20 septiembre 2010
EL CONCESIONARIO
El polígono estaba irregularmente rodeado de tela metálica, dejando esa sensación tan habitual de eterna provisionalidad. A los pies del vallado crecían matorrales de apariencia ferruginosa, moteando tristemente un camino de tierra y polvo salpicado de excrementos de animales y abandonos varios. Tras esa frontera, a unos doscientos metros, se erigía el concesionario: aluminio, publicidad, coches y cristaleras. Dentro, alejado de todo polvo y calor, el Delegado pasaba el pulgar por la barbilla con desgana, mientras observaba el deportivo gris brillante de trescientos y pico caballos que le presentaban. Todos los ojos estaban puestos en la escena, siguiendo al apurado vendedor cuando levantaba y mostraba con una sonrisa el maletero, advirtiendo que su escasez de espacio respondía a que se trataba de un coche todo menos familiar (un guiño saltó de su cara); cuando abría las puertas de par en par, daba un leve puntapié a los neumáticos o pasaba la palma de una mano extrañamente acariciadora por la piel del asiento, el volante o el salpicadero. El Delegado paseaba distraído en derredor del auto cuando le sobrevino a la mente, casi provocando una sonrisa, el recuerdo de sus alocados viajes en los coches de choque de su niñez.
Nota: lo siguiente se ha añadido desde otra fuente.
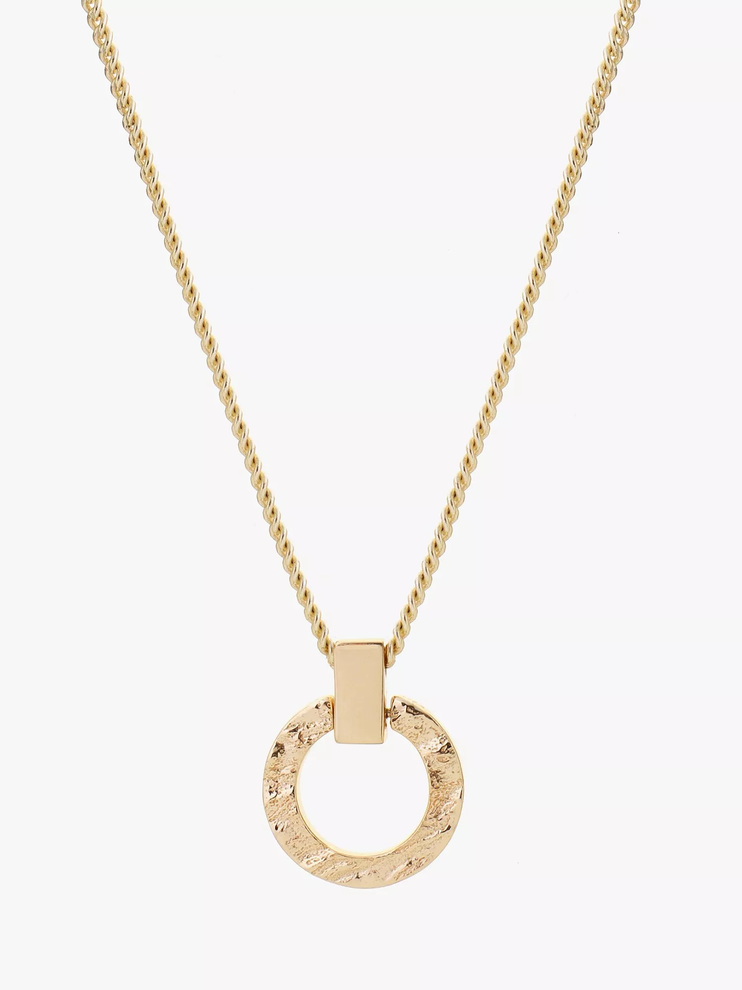 Perfect as an everyday classic look, this gorgeous pendant necklace is designed with a smooth bar and a movable textured pendant for an elegant look. The necklace chain can be adjusted by gently moving the slider bead to your preferred length.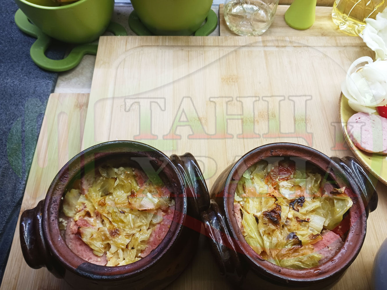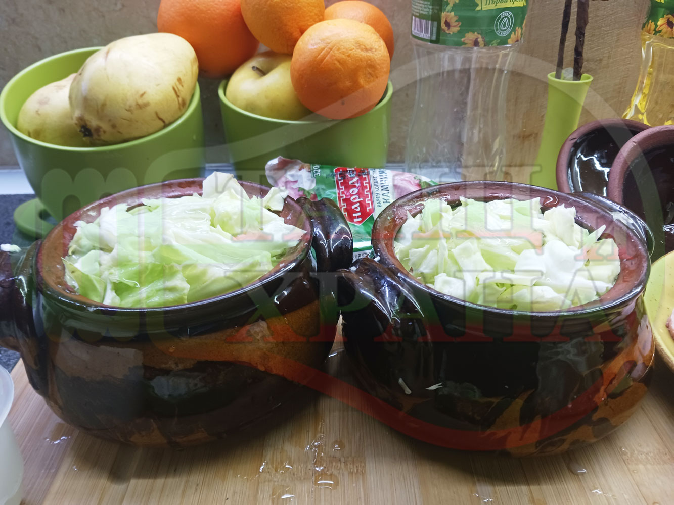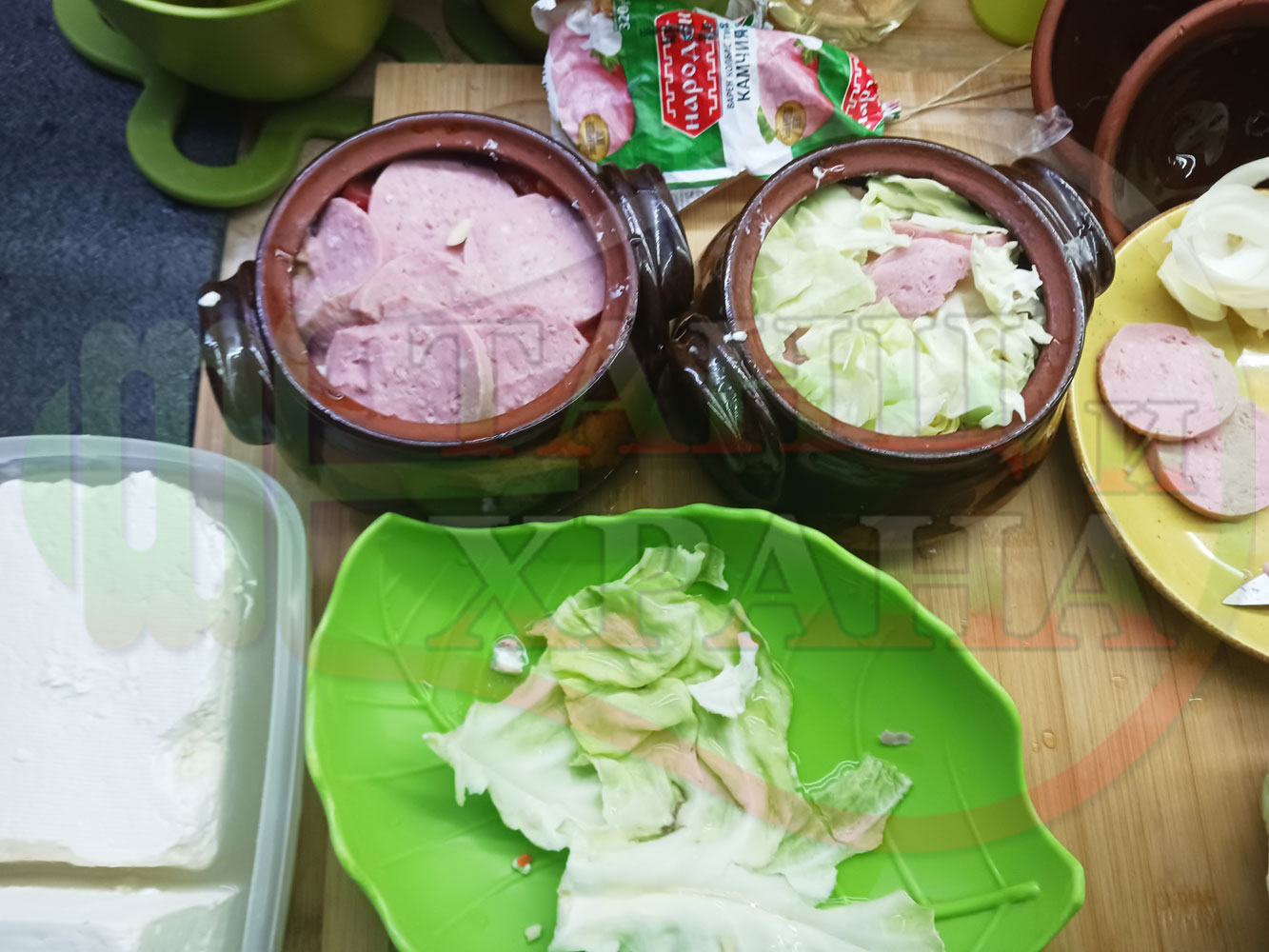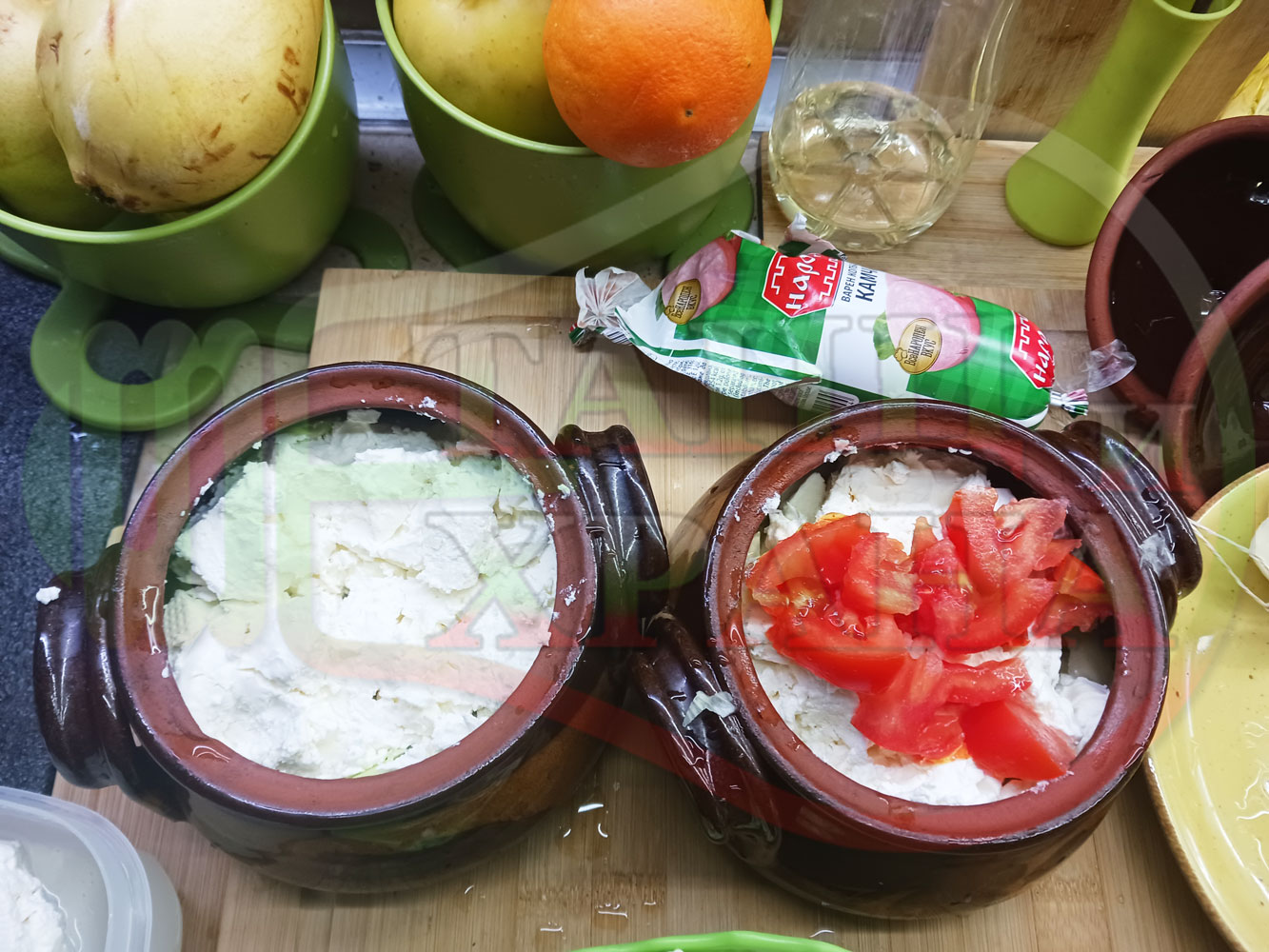 Български гювечета "Пряснозелеви камчиевосаламени с БГсирене" запечени на фурна с прясно зеле, домати, лук, чесън и чеснов салам гарнирани с големи топки от сиреново зелев крем с краве бяло сирене (българско, саламурено) и магданоз - двукомпонентни

El sonido de la apertura automática del inacabable capó gris brillante le devolvió a la realidad, si es que aquel limbo se podía denominar así. El vendedor hizo un comentario elogioso de la fortaleza del coche mientras golpeaba con los nudillos la barra de hierro protectora del motor. Poco a poco, los demás empleados y algún cliente se unieron sigilosamente a la reunión repitiendo el ritual de golpear aquella superficie de hierro mientras asentían con la cabeza, murmurando para sí palabras tan ininteligibles como previsibles y convenientes. Estaban llamando a las puertas de su cielo.